Readers’ wildlife photos

May 21, 2021 • 8:00 am

Here are some travel photos by Joe Dickinson. You can enlarge them by clicking on them, and Joe’s captions are indented.

Here is a second set of my favorite photos.

This is a diverse collection of cacti in Baja California.  I can’t identify the species.

This is a campsite in Nine Mile Canyon, Utah, with my wife and our dog, Ruby.  We purchased the camper van when I retired in 2002 and passed it along to her brother-in-law just a few months ago.

Oregon coast near Canon Beach:

The Disney Concert Hall in Los Angeles:

Our Granddaughter, Erin, on Hilton Head Island, South Carolina.  I always imagine her saying “I hereby claim this land in the name of…”  We just attended her high school graduation.  Time flies.

My wife and I on the stairs down to Point Reyes Light.

Kolob Canyon in the redrock area of southern Utah, winter.

Multnomah Falls along the Oregon side of the Columbia Gorge.  We plan to cruise that canyon in a few months.

A personal indulgence if I may.  I am an amateur horn player and had just received a replica of an early 19th century horn of the type that Mozart and Beethoven wrote for, pictured with some typical music written for horns in that style.  The smaller circle is one of a set of interchangeable “crooks” that put the horn into different keys.

Another shot along the Oregon coast, near Coos Bay, I think.

Our dog, Ruby, in deep snow at a cabin we had in the Wasatch mountains near Salt Lake City.  She had, shall we say, an unfortunate affinity for snow.

Finally, a view from Zabriskie Point in Death Valley. [JAC: I spent a lot of time in this locality while collecting and releasing flies in California, and there’s a movie called “Zabriskie Point” filmed by Antonioni in 1969. It’s not a very good movie.]

11 thoughts on “Readers’ wildlife photos

  1. Thanks for the lovely photos, Joe.

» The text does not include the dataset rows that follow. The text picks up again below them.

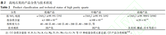 高純石英(high-purityquartz)是SiO2純度大于99.9%的石英系列產(chǎn)品的總稱。如表2所示,其產(chǎn)品等級可按SiO2純度或Al、B、Li、K、Na、Ca、Mg、Ti、Fe、Mn、Cu、Cr、Ni等雜質(zhì)元素總量進(jìn)行劃分,每個(gè)等級的高純石英可按粒度分為不同粒度大小的品種。
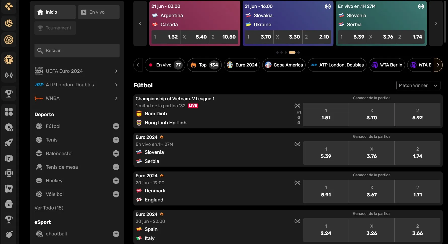 Una de las características destacadas del Sportsbook de Fairspin es su diseño amigable para el usuario. En lugar de una interfaz desordenada, el sitio organiza sus opciones de apuestas en bloques grandes y ordenados, cada uno dedicado a un deporte específico y mostrando los partidos más populares en curso y los próximos. Además, todas las opciones de apuestas en vivo están convenientemente ubicadas en una pestaña separada en la parte superior de la pantalla para un fácil acceso.
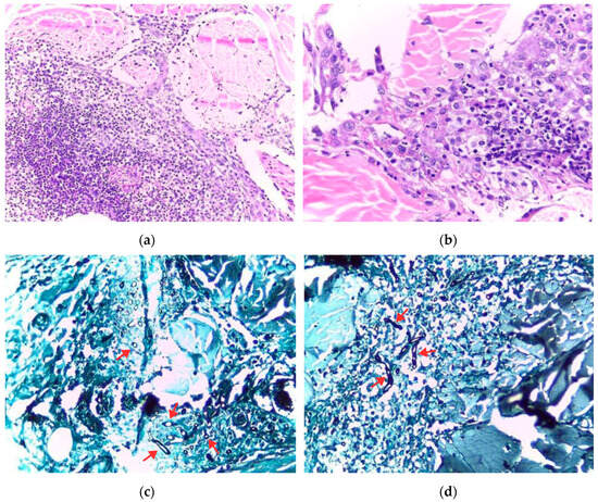 A histological examination of the skin (Buffalo 1) showed the marked multifocal-to-coalescing inflammatory infiltrate of intact and degenerated neutrophils, macrophages, epithelioid macrophages, lymphocytes, and plasma cells. Additionally, there were vasculitis, occasional thrombosis, and transverse and longitudinal sections of fungal hyphae, in addition to the hypertrophy of the vascular wall. In the center of these areas, there were fibers of intensely amorphous eosinophilic material. There was also a focally extensive area of epidermal ulceration characterized by intact and degenerated neutrophils, the necrosis of epithelial cells, and the accumulation of fibrin and erythrocytes (Figure 3a,b). GMS staining of the skin highlighted hyphae, which were tubular, irregular in diameter, and thick, with dichotomous branching and an unstained interior (Figure 3c,d). In addition, the mycological culture was positive for Rhizopus sp.
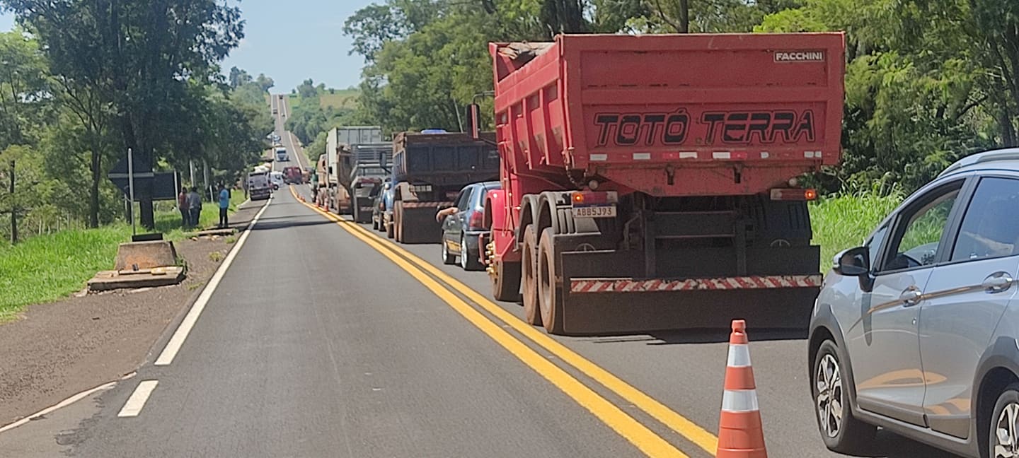 Regiaonline Trânsito: Tráfego de veículo fica interrompido por mais de 1h para remoção de carreta tombada entre Glória de Dourados e Jateí.
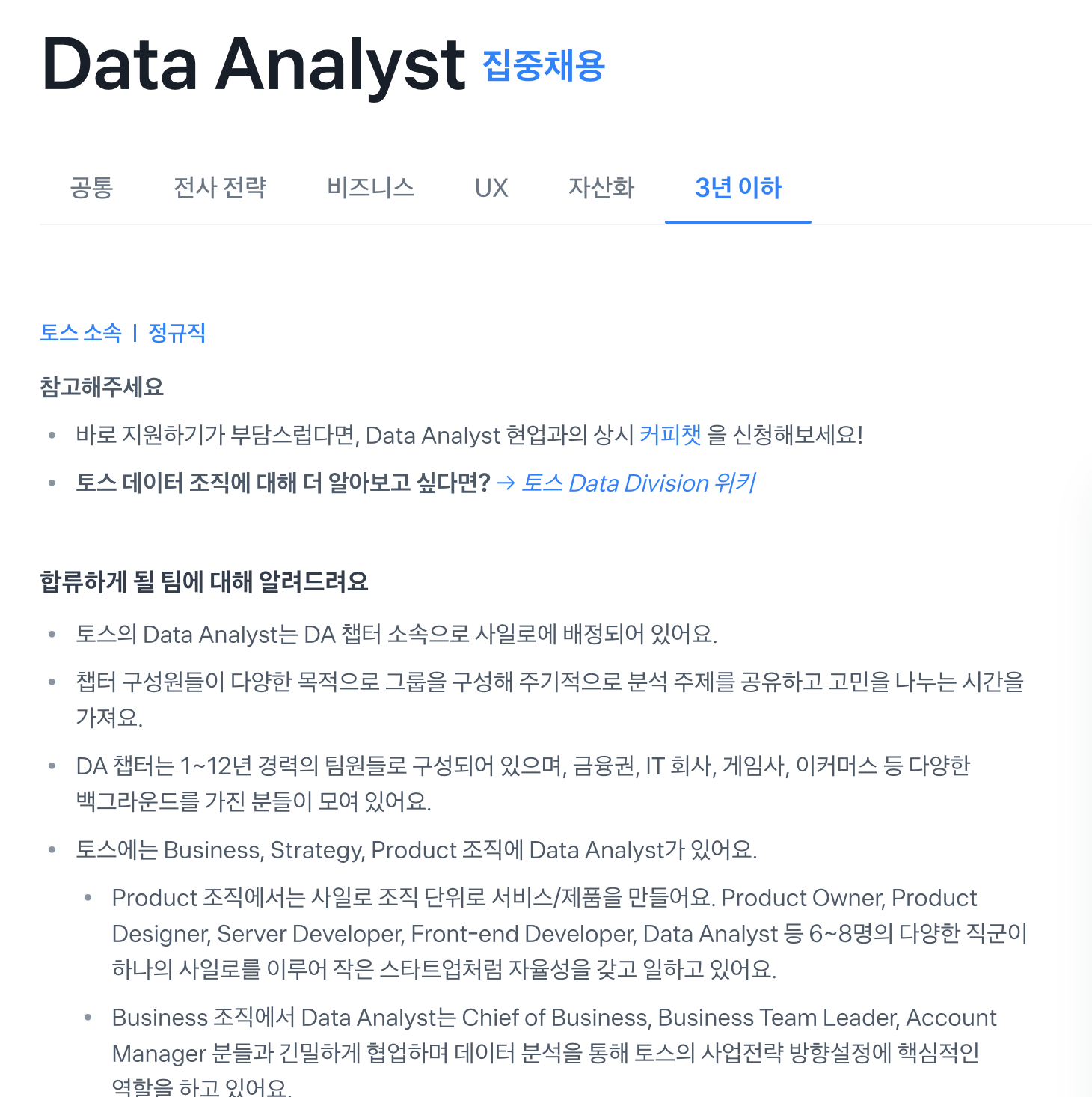 토스 채용공고 API에서 필요한 데이터를 어떤 식으로 추출했는지에 대한 코드는 작성하지 않을 예정이다.
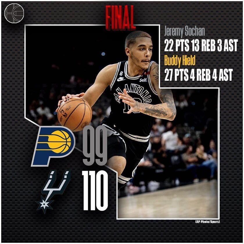 下半场,步行者突然断电,索汉联手瓦塞尔帮助马刺顺势一波11-0直接反超比分并掌握双位数领先,随后双方展开拉锯战,希尔德接连扔进中远距离一波8-0缩至差10分,但马刺一直保持住领先,最终马刺110-99力克步行者,拿到2连胜。
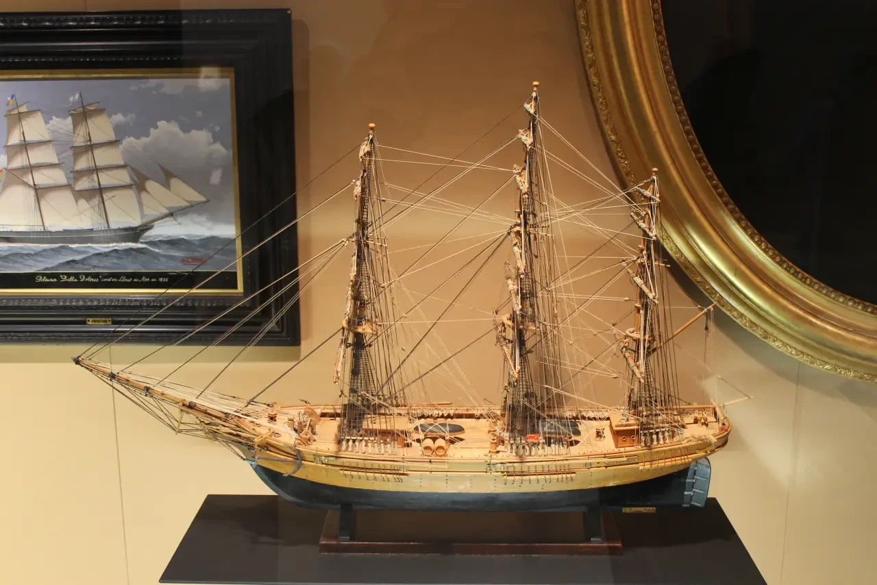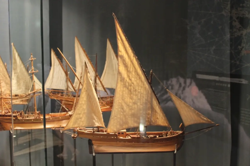 В частности здесь очень много моделей судов с латинскими косыми парусами, являвшимися характерной чертой парусников Средиземноморья
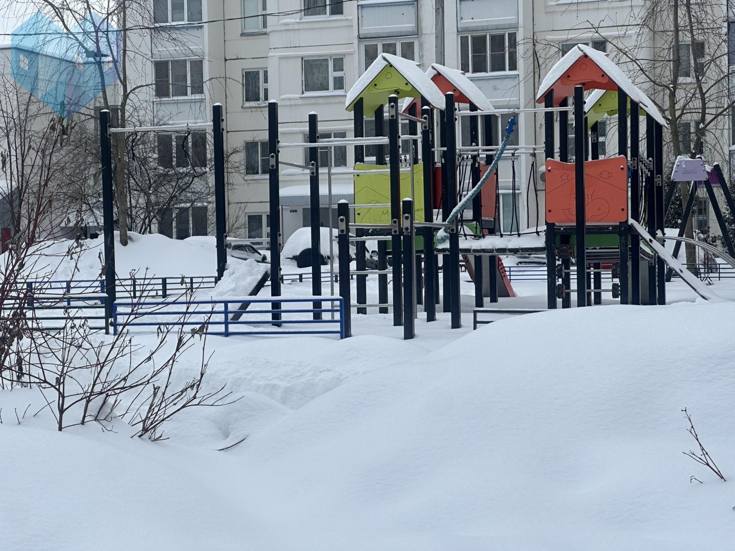 Тихий двор с местами для парковки, в шаговой доступности хвойный лес для прогулок, поле для катания на лыжах, магазины, детская площадка.
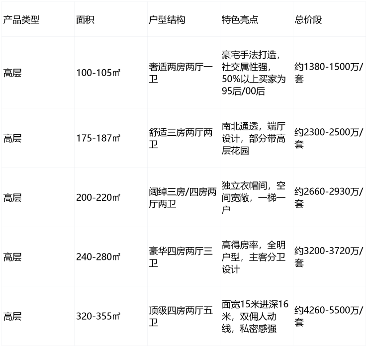 主力总价段:1380-5500万/套,覆盖高端改善到塔尖人群需求

Some of my favorite places: Pt. Reyes and Utah. Climbed Zabriskie Point on a very hot summer day. Agree that the movie’s nogreat shakes.

  2. Lovely collection. I’m a die hard Gorge lover (“Hello, Mighty Columbia!”). I especially like to watch the flora transition from the verdant west to the dry, dry east. Wallula gap is always a delight.

  3. I’ve mostly enjoyed lockdown for giving me an excuse not to go anywhere or do anything, but photos like this remind me that going places and doing things can be really good…..

  4. I can’t identify any of the cacti either but if you ever wanted to then you could watch a few of the Crime Pays But Botany Doesn’t videos on da yootoobs. He’s a salty Chicagoan who lives in Oakland, self-taught, and has quite the following. Worth a look for anyone with an interest in plants.

  5. Thank you for the fun photos – traveling is great. We drove through Death Valley last week (for the first time) and enjoyed it.

  6. A natural horn – wow! Those things are a lot harder to play than a modern valved horn, aren’t they? (Time to get in touch with your inner Joseph Leutgeb!)

  7. Great photos. There was an arch at Point Reyes that collapsed a few years ago. Nine Mile Canyon is remarkable for historic and prehistoric reasons as well as the scenery. My brother-in-law’s mother grew up in Nine Mile Canyon near the upper end.

  8. Oregon coast near Canon Beach:

    Hmmm, interesting geomorphology. Why the several lines of sea stacks, I wonder?

    And who, in the geological surveying of Oregon, was allowed to get away with naming the “Boring Volcanic Field”. OK, after so many square kilometres of flood basalts, I can understand it, but it’s a bit of a harsh thing to say about an innocent set of “Small basalt and basaltic andesite volcanoes located throughout the Portland Basin, and basalt and basaltic andesite flows that cover the plateau above the Oregon side of the Columbia River Gorge.”

    Definitely named on a wet Friday afternoon.